Parkinson's disease impacts people's mobility, which is why movement is so important for those patients.

PJ Parkinson's hosts group hikes, workouts, dance classes, support groups, and everything in between.

Jim Brown takes advantage of all those opportunities.

When he was diagnosed with Parkinson's five years ago, he turned to boxing.

"I never thought that I would do boxing, never done it in my life and I took it up when I was 70," he said.

Brown's hands shake and he's lost some control of his facial movement, but he continues to work out five days a week.

"It helps you move and to delay the progression of the disease," said Brown.

He said it's easy for patients like him to want to sit at home and do nothing, but that movement and social interaction are more important than ever.

Brown leads the PJ Parkinson's support group in Oak Ridge.

"Because you need to keep your mind sharp, you need to associate with other people," Brown said. And that's what we do in our group is we provide a social atmosphere where you can meet with other people and find out what's happening."

PJ Parkinson's also helps find caregivers and hosts support groups for families whose loved ones are living with the disease.

That's why their annual gala fundraiser is so important because all that money goes toward helping those with Parkinson's live as close to normal lives as possible.

This year's event is themed 'It takes a village' and is being held at Ancient Lore Village in South Knoxville on Friday at 6 p.m.
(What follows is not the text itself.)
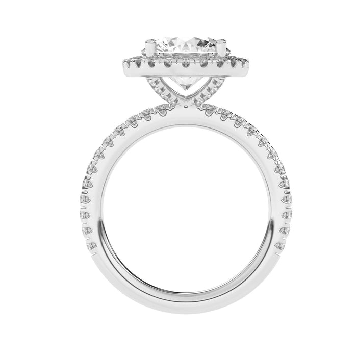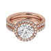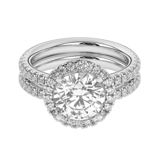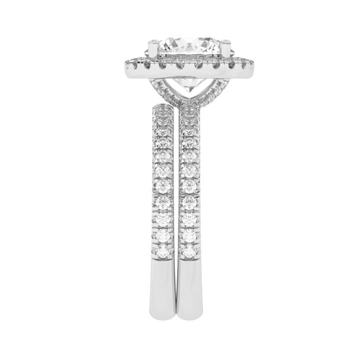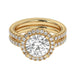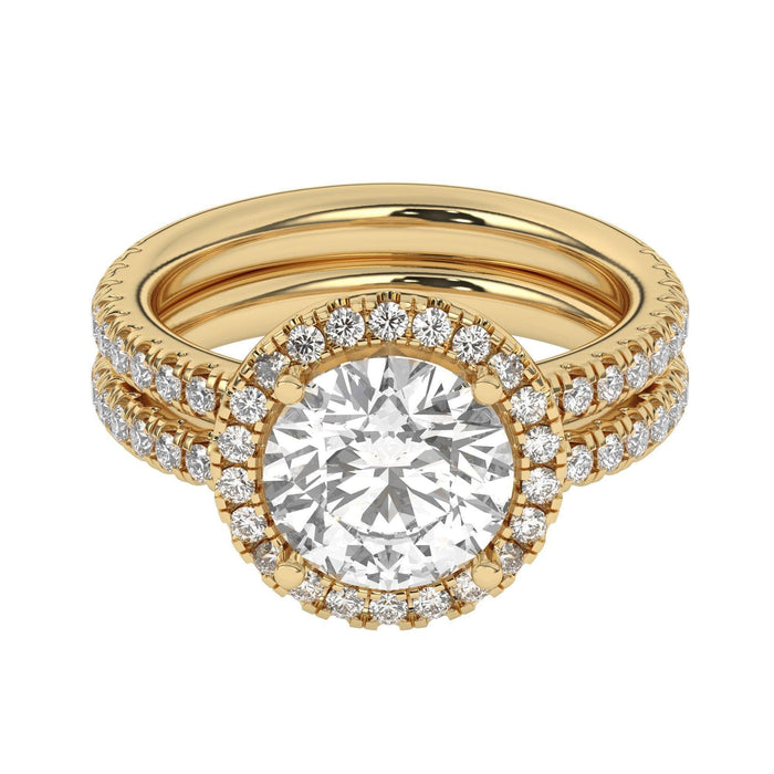 This perfect round halo bridal set features the amazing halo for a large look in a gold. Add a certified lab grown diamond of your choice. A classic diamond accented shank, surprise diamonds under the halo and a matching wedding band add to this show stopping bridal set of 1.0 carats of lab grown diamonds that sparkle in fine F-G / VS-SI ranking.

Tickets are $150 each and can be purchased at pjparkinsons.org.

Senft-Daniel said money raised will go toward their movement programs so they can continue to offer free classes for those with Parkinson's.

She also hopes to use additional funds to reach out to more of East Tennessee and offer help at rural and remote clinics.

"The disease progresses slowly, so you may not even notice that some things are happening to you," said Brown. But it's amazing. We can still have a great life, stay involved in the community and do a lot of our own fundraising and work together to advance the knowledge."